I have to admit, I took on the Foridden City (so named because for more than 500 years it was off limits to outsiders, with punishments ranging from 100 lashes to death to those who violated) in a somewhat perfunctory way. It is enormous beyond comprehension (the Chinese do big well. Americans are pikers by comparison, which may not be a bad thing) and I did spend a couple of hours or so there. But I was a bit touristed out, and my main goal was to get to this hill beyond the Walls of the Forbidden City, on the north side of the axis that is Tiananmen-Forbidden City. That hill is part of a bucolic park complex, the centerpiece of which is the steep hill that quickly rises from the pool-table flat surroundings. The climb was a tester, but I presumed worth it, until I discovered that the pagoda- or temple-like building at the top, which promised exquisite views of the city on all sides, was closed. I saw a leggy Chinese girl get beyond the mesh gates. When I opened the gate and peered within, I was brusquely waved off by a soldier. The soldiers here tend toward the scrawny and short, but with visions of 1989 in my head I demurred, even if I muttered complaints that they did not understand ("Fuck Mao" becoming standard juvenile boilerplate nonsequiter by now.)


The rebuffing granted me time to wander the park, which is lovely, then to make my way back through a hutong that, given its proximity to the Square and the Forbidden City, and given that 10,000 hutong are disappearing a year, is surely ill fated.

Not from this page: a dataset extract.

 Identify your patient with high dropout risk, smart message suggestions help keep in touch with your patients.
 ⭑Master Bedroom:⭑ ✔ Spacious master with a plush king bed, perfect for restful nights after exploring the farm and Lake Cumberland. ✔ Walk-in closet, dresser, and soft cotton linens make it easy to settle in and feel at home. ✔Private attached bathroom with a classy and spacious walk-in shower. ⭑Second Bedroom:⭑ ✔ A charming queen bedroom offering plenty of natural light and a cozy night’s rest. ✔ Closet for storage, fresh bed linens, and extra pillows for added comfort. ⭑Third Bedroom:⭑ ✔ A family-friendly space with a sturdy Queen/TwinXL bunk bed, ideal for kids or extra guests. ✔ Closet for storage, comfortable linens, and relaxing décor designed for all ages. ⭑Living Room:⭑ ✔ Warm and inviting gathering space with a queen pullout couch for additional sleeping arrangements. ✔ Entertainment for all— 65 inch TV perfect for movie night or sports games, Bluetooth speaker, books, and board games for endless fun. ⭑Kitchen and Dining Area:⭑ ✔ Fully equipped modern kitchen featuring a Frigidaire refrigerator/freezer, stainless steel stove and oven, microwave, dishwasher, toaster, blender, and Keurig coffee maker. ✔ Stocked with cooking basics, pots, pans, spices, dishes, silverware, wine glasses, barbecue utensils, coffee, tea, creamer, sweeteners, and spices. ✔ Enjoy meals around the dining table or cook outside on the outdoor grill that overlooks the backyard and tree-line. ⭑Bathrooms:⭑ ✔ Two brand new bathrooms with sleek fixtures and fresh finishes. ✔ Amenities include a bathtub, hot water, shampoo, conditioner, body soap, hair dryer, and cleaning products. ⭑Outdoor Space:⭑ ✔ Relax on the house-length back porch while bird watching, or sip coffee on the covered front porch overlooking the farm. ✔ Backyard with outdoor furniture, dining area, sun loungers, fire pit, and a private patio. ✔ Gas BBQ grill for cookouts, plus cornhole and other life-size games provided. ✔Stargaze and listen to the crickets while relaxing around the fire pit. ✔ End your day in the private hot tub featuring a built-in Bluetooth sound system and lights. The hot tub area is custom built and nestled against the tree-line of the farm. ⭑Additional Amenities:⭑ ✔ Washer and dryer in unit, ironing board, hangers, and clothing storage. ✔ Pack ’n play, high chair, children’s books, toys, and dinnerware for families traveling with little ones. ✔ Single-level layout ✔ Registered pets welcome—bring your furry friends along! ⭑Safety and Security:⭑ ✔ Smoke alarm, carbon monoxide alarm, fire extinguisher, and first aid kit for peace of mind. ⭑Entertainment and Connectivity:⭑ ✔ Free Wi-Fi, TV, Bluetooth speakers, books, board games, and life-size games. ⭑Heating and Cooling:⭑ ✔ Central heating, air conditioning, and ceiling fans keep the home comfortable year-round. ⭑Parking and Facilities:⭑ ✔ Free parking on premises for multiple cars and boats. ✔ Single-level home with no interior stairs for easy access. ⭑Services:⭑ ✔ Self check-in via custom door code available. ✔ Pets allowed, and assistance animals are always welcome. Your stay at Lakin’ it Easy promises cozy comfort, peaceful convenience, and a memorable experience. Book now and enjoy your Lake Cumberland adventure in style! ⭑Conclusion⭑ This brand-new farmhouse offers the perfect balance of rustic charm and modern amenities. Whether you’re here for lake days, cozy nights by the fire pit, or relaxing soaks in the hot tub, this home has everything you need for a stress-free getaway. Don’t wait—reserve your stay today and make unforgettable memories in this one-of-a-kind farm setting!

Intermittently in the hutong were scattered what is to me already a familiar dual-role business: hairdresser shops by day, and shall we say red light districts by, well, apparently at least by 5:00. I could have gotten some serious tail, but my newfound status as an engaged man and love for my fiancee, coupled with my aversion to venereal disease, trebled with the fact that my fate in matters intimate was clearly to walk in on some poor woman taking a dump, led me to keep on walking.

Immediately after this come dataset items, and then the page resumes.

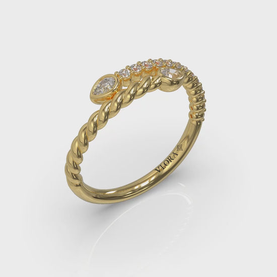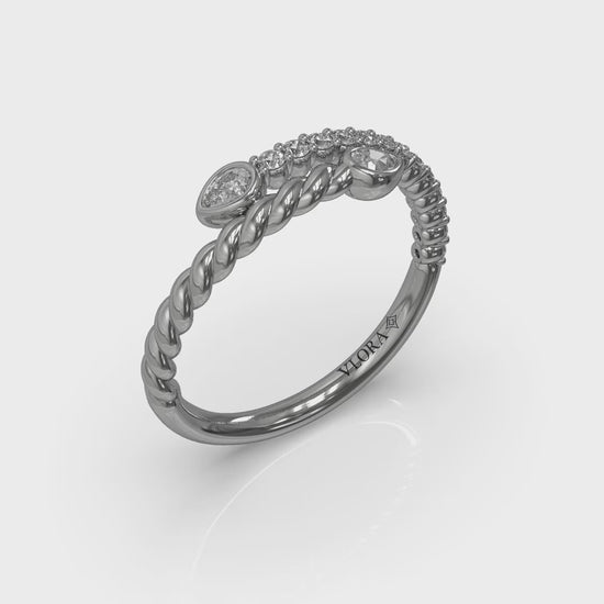 Serpentine coils and modern motion define this stylish bypass design, pavé diamonds glistening and a polished twist shining in the light. Two bezel-set pear shape diamonds add the romantic symbolism of a toi et moi design celebrating you and me forever. It’s a poetic emblem of paths crossing and lives entwining, perfect for stacking or a statement on its own.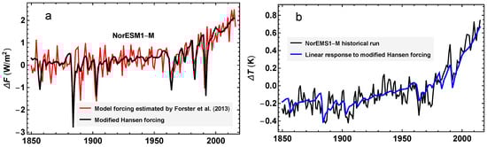 9]. In the present paper, we take part of this uncertainty into account by analyzing the spread of the adjusted forcing over the CMIP5 ensemble. We shall also consider the order of magnitude of uncertainty that can be attributed to our limited knowledge about the forcing from volcanic aerosols. In model runs with historical forcing, the adjusted forcing is obtained from Equation (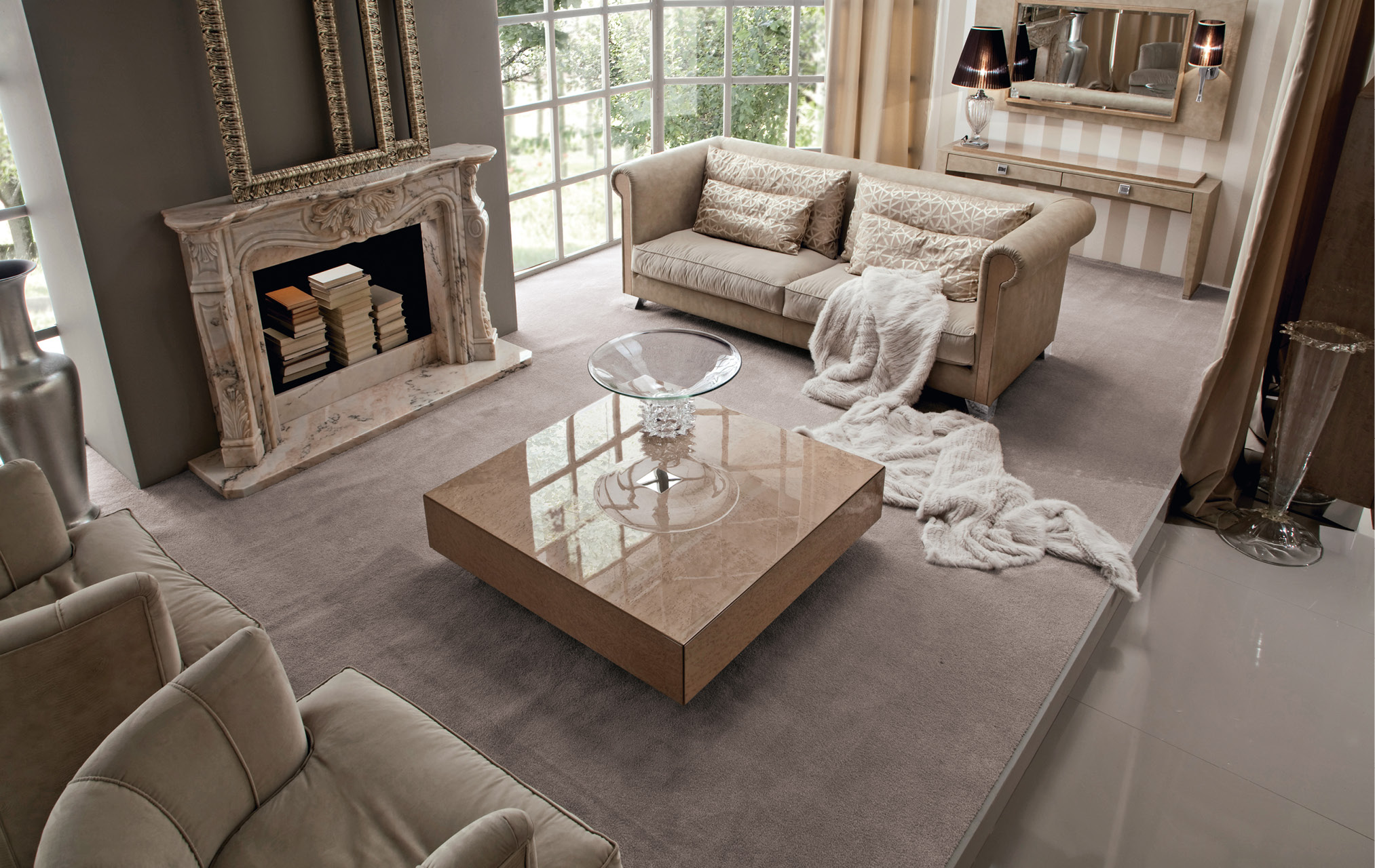 Fixed sofa with n. 2 big + 2 small pillows 2 side fronts in high gloss polyester bird’s eye maple veneer. Chrome stainless steel feet.

I have to be up in 5 hours for what will be 48 hours of: Flying, getting one last shot at Hong Kong, lots more flying, and then arriving in South Africa. I'll try to touch base from Hong Kong, where I'll have the benefit of being able actually to see the blog. China has been remarkable. Too much to absorb. I've learned so very much, met some great people and new friends, immersed myself as deeply as possible, eaten amazing food, drank lots of pijou, and avoided becoming a political prisoner. Not a bad couple of weeks.


Zai jian, China.

3 comments:

montana urban legend said...

Nice post.

montana urban legend said...

Perhaps it's possible that you literally scared the crap out of that little Chinese woman.

dcat said...

(rim shot)
Montana Urban Legend will be here all the week. He just flew in, and boy are his arms tired. Please tip your waitstaff.